Как признался сам Токвиль, его план объединения романтической страсти с политической умеренностью оказался неудачей, жертвой реакционного отказа и либеральной трусости. Но у его неудачи найти настоящую любовь в парламенте было еще одно измерение: несмотря на свою формальную преданность умеренности, Токвиль чувствовал, что в ней он задыхается. Он мог озвучивать слова парламентской процедуры, но они их не вдохновляли. Без революции политика просто не была великой драмой, которой, как он представлял, она была между 1789 и 1815 годом. «Наши отцы были очевидцами таких необычных вещей, по сравнению с которыми все наши труды кажутся заурядными.» Политика умеренности привела к изобилию умеренности, но не принесла много в смысле политики, по крайней мере так, как Токвиль формулировал этот термин.

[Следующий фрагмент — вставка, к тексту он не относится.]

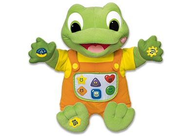 I agree. My mom got a frog that's similar to the one pictured below, but the one I have has the whole alphabet on his belly. You can choose what the baby learns about by pressing either letters or colors and then you press on the letters and it sings a song about each one. It's really cute and even though it's a bit advanced for Christopher, he still loves the bright colors and hearing the songs. Image Attachment(s):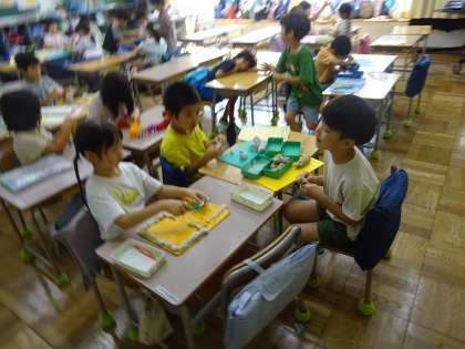 2学期が始まって2週目に入りました。まだ残暑が厳しく、校庭のWBGTの値により校庭遊びがなかなかできません。室内で工夫しながら思い思いの過ごし方をしています。6年生はあいさつ運動の準備や話合いをしたり連合音楽会の練習をしたりしていました。その他の学年は、カードゲームや百人一首、粘土あそびや折り紙、コマやけん玉などの昔遊び、タブレットを使ってタイピング練習をしていました。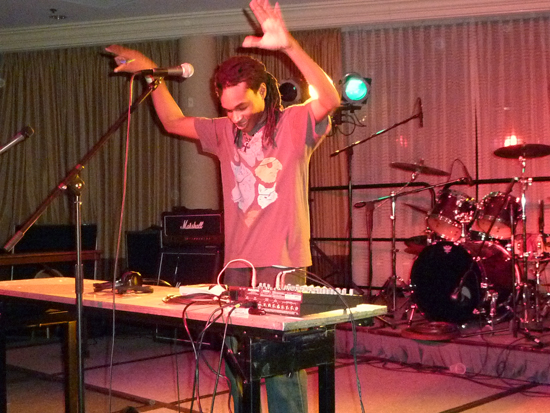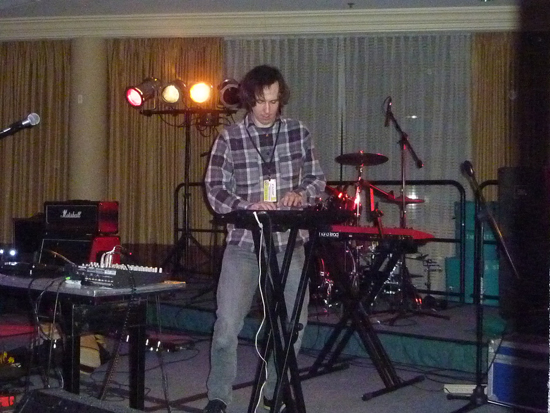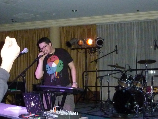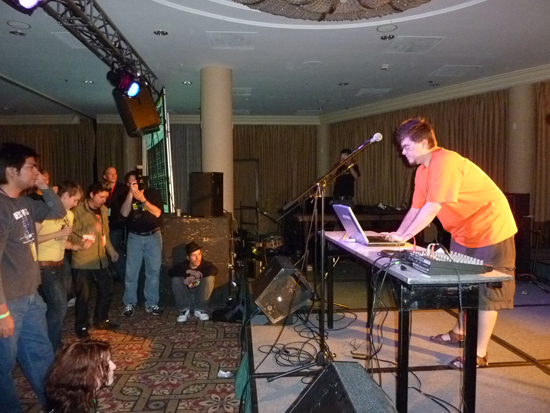 Our friend virt then took to the stage wearing shorts and some awesome rainbow-colored socks. As promised, he came with a keyboard this time as opposed to his DJ set on New Year’s Eve. His set was of course brilliant. He went from funky chip goodness, to Chinese-inspired material ala Autumntunes, to 8-bit Michael Jackson with “Thriller,” to some awesome raggae goodness with Priest Cave, a duo of virt and Dan “Prozax” Orosz. I’d never heard Priestcave’s music before, so this was much appreciated. Jake also brought out music from his most recent videogame project, the upcoming Shantae on the DSiWare, playing three tracks that were all a lot of fun. He also included his Dragon Spirit 80s/chiptune arrangement, featuring Jake himself on vocals, which was completely awesome. He ended the set DJing tracks from the rising chiptune star, Coda, who we also talked about in our Autumntunes review, and I can’t agree more that the super-upbeat sound he creates are absolutely amazing.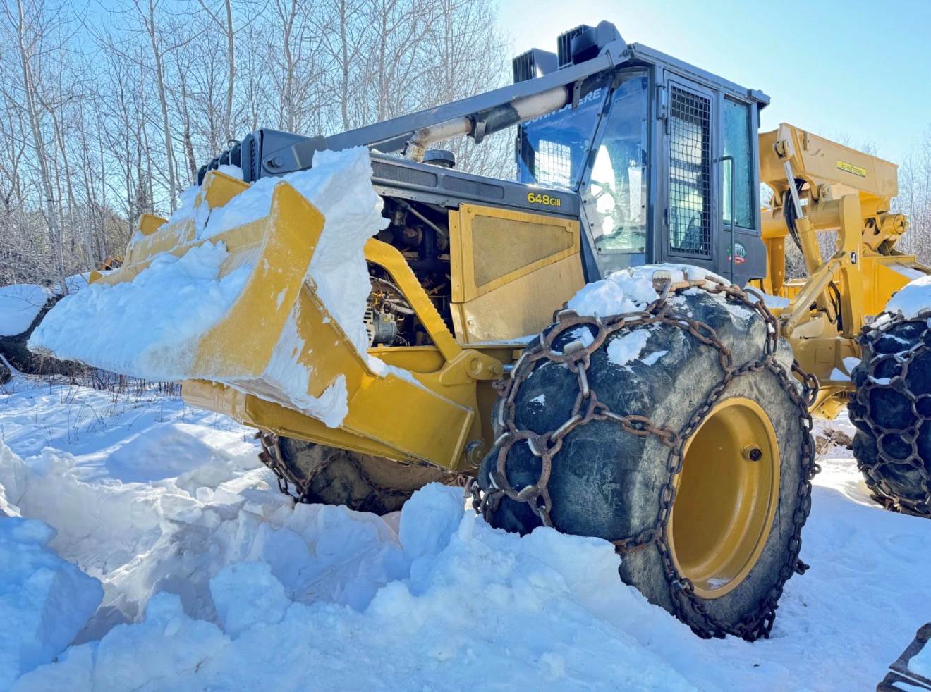John Deere 648G III, Cab, Engine rebuilt 1500 hours ago, Meter reads 10k hrs, 30.5L-32 tires w/ chains, Good condition, Runs and operates great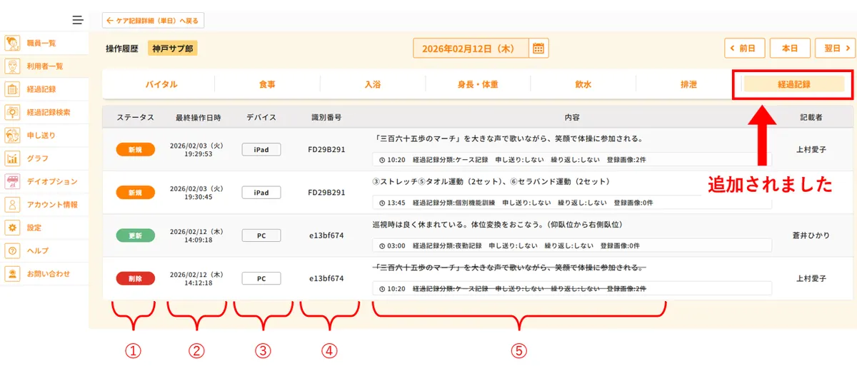 アップデートのお知らせ(2025年11月)でリリースされた履歴機能に経過記録が追加されました。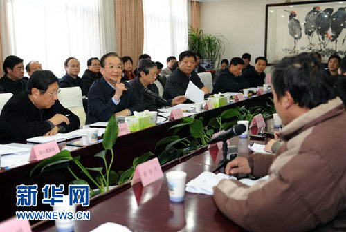1月24日,中共中央政治局常委、国务院总理温家宝前往国家信访局,与来访群众进行面对面交流,了解他们的困难和要求,并就政府工作听取意见。这是在信访局接待室,温家宝总理向河南省博爱县来访人员陈国安询问来访缘由,并叮嘱信访局接谈人员要认真做好记录,按程序做好接待办理工作。新华社记者李涛摄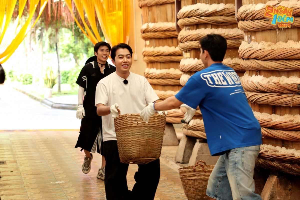 Khi chuyển sang công đoạn ủ chượp nước mắm, cả 3 anh em hóa thành “công nhân nước mắm” rất nhanh nhẹn khiêng vác những cần xé cá mang vào nhà ủ. Đầu dây chuyền là Cris Phan xong đến Cody và cuối cùng là HIEUTHUHAI.
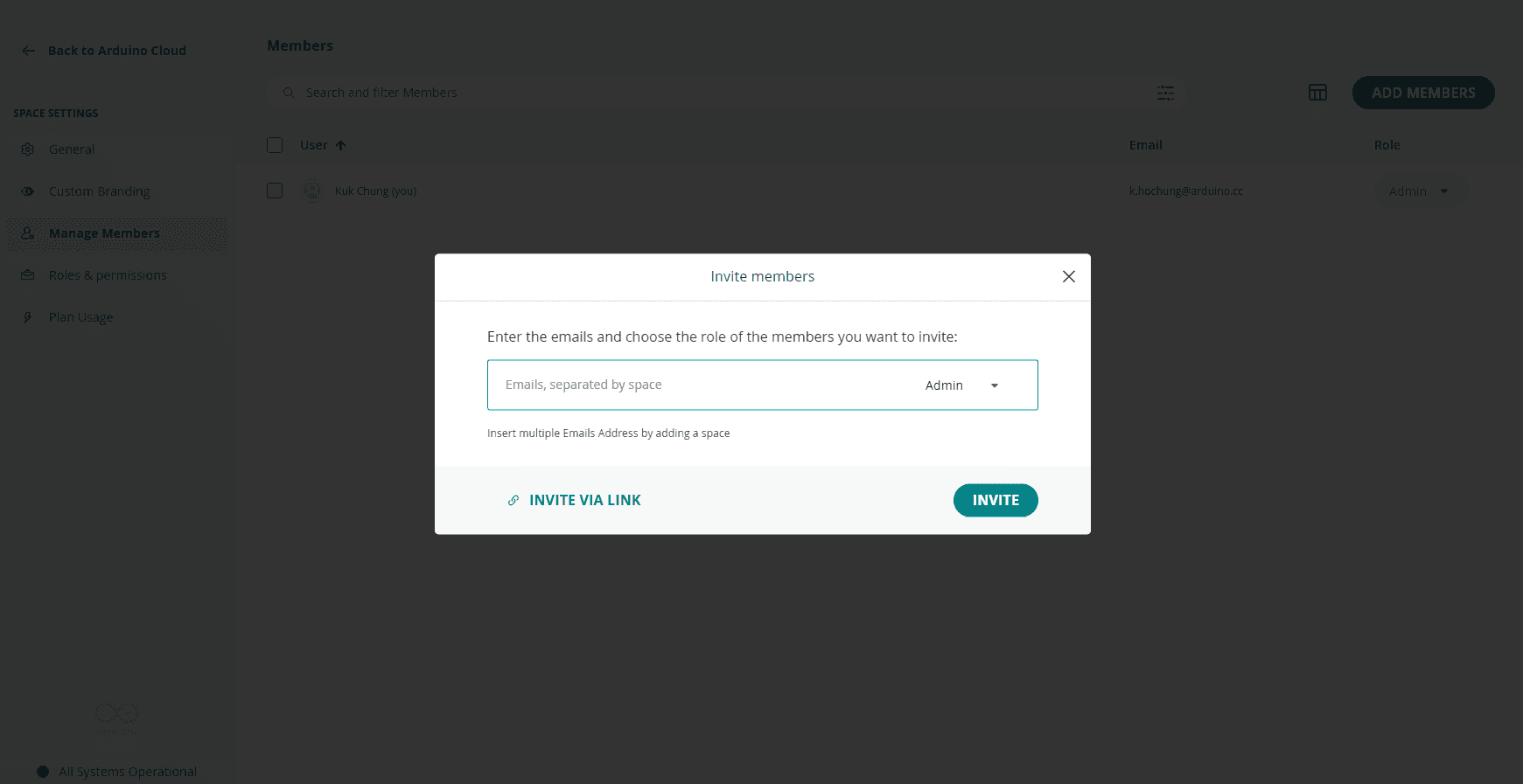 The users you added will get the invitation by email with a link to join your Shared Space. You are now ready to start working all together on your Arduino Cloud projects.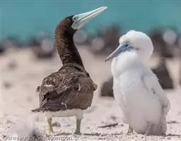 叫声:带鼻音的咕哝声,于巢区发出咩咩及咕咕的叫声。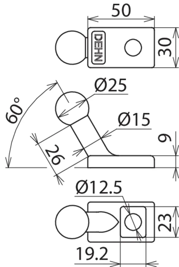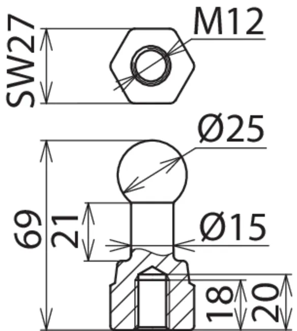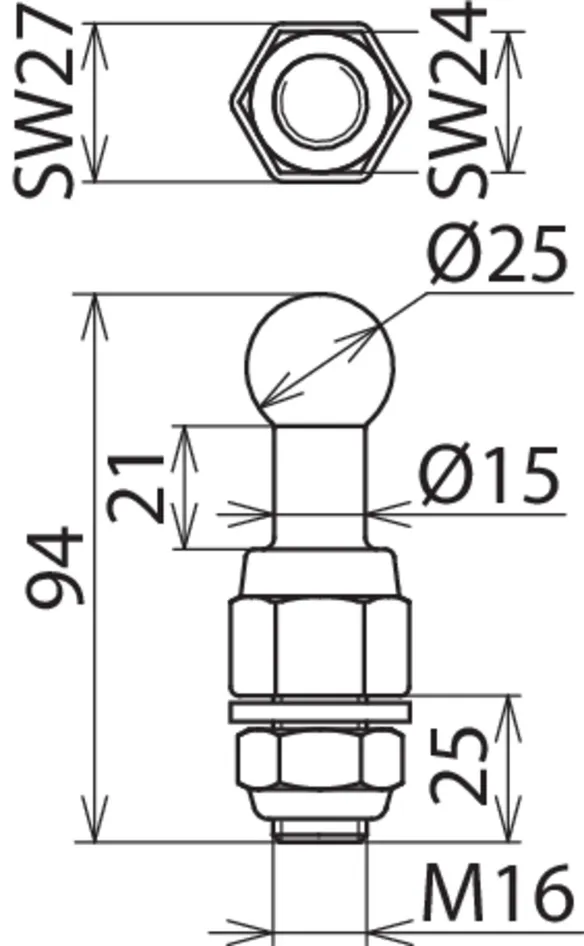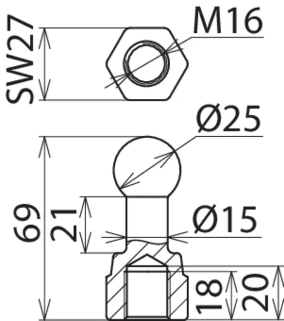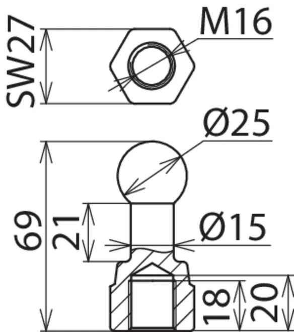 | Kuglehoved Ø | 25 mm |

В течение 1830-х и 1840-х, пишет он, «больше всего не хватало… самой политической жизни». Не было «поля сражения для соперничающих сторон». В итоге политика была лишена «всякой оригинальности, всякой реальности и потому всех подлинных страстей». В усилиях Токвиля по вселению революционной страсти в умеренные реформы было что-то комичное, и он знал это. Поскольку тогда как «революционные времена… не допускают безразличия и эгоизма в политике», нереволюционные времена непременно это делали55.
Не имея реальной возможности создать либерализм из страсти, Токвиль находил удовлетворение в двух типах политики — империализме и контрреволюции, что неслучайно имело мало отношения к духу умеренности, так часто им отстаиваемому. Империализм (Франция только начала свой 130-летний конфликт с Алжиром) затрагивал многие интересы Токвиля: желание народной славы, требования реальной политики (прагматизм, отказ от идеологических догм), борьбу за Африку56. Но он видел в имперской экспансии гораздо больше, чем перспективу предназначения французов или национальное величие. В господстве над чужими землями Токвиль видел возрождение европейской расы, пробуждение континента от бессильного сна, последовавшего за поражением Наполеона. Видя, как европейские армии маршируют по всей земле, Токвиль мыслил в меньшей степени как француз или республиканец, чем как европеец. Его меньше заботило то, какой народ ведет завоевания, чем само осуществление завоевательных действий. Когда британцы готовились к опиумной войне[12], он написал: «Я могу только радоваться при мысли о вторжении в Небесную империю европейской армии. Так, наконец, подвижность Европы разберется с китайской неподвижностью!» Это было «великим событием», «выходом европейской расы из дома» и «подчинением всех остальных рас ее империи или ее влиянию». Споря с теми, кто, как он сам, обычно «порочит наш век» из-за его ничтожной политики, Токвиль настаивал на том, что «незаметно для всех нечто более значительное и необычное, чем создание Римской империи, происходит в наше время; это порабощение четырех сторон света пятой». После заключения Лондонской конвенции, грозившей уменьшением роли Франции на Ближнем Востоке и спровоцировавшей призывы к войне по всей Франции, Токвиль написал Миллю, что хотя он осторожен в отношении стремлений к войне его соотечественников, но полагает «даже более опасным» «соглашаться с теми, кто громко требует мира, любой ценой». Не потому, что мир подрывал национальную безопасность, но потому, что «величайшая болезнь, угрожающая народу, организованному так, как наш, есть постепенное смягчение нравов, умственная деградация, посредственность вкусов»57.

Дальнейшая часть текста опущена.